● **GOAL OF THE EXERCISE**: Beginning at the line that contains "ヨーロッパの古城のようなシュ", reproduce the entries below exactly, ending with the line that contains "Gorgeous, sleeveless, polka". Omit each picture.
╭─ RAW DATA
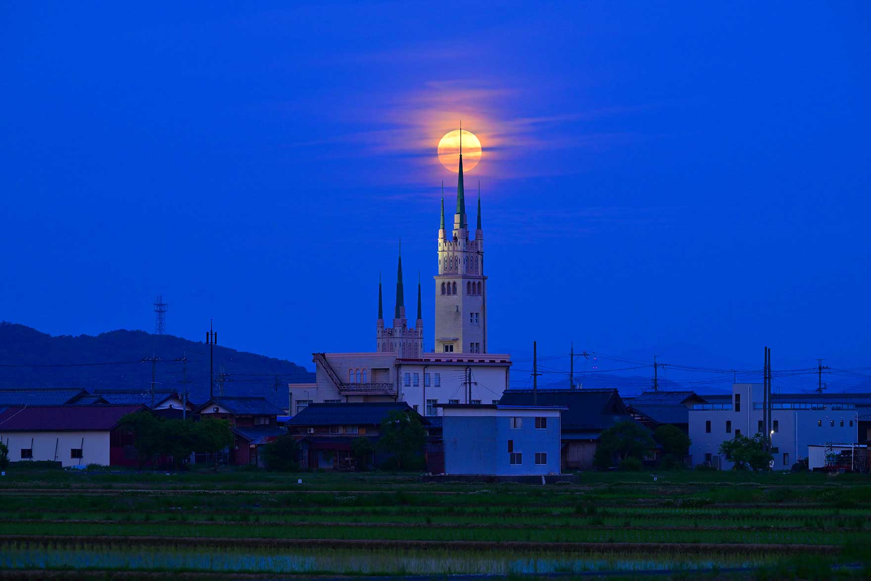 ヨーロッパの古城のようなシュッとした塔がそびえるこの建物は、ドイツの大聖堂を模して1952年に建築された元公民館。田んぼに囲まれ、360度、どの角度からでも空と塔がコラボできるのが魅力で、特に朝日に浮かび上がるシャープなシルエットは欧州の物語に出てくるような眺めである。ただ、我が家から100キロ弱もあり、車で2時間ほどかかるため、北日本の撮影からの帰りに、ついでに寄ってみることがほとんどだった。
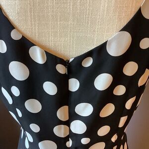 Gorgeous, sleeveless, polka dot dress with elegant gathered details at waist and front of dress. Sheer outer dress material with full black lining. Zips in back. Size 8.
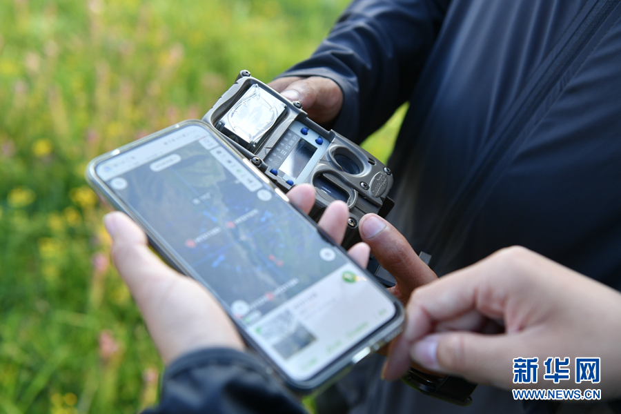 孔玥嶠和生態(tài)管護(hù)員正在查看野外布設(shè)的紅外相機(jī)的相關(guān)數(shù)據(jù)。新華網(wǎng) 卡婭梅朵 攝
╰─
╭─ RAW DATA
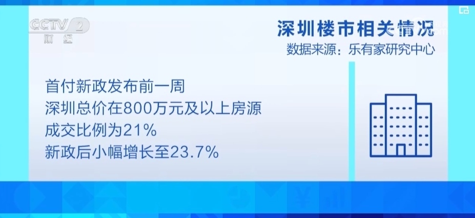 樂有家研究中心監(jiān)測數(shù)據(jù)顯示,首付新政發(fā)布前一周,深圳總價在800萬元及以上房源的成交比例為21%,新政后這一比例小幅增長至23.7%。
╰─
● **OUTPUT FOR THIS TASK**:
 ヨーロッパの古城のようなシュッとした塔がそびえるこの建物は、ドイツの大聖堂を模して1952年に建築された元公民館。田んぼに囲まれ、360度、どの角度からでも空と塔がコラボできるのが魅力で、特に朝日に浮かび上がるシャープなシルエットは欧州の物語に出てくるような眺めである。ただ、我が家から100キロ弱もあり、車で2時間ほどかかるため、北日本の撮影からの帰りに、ついでに寄ってみることがほとんどだった。
 Gorgeous, sleeveless, polka dot dress with elegant gathered details at waist and front of dress. Sheer outer dress material with full black lining. Zips in back. Size 8.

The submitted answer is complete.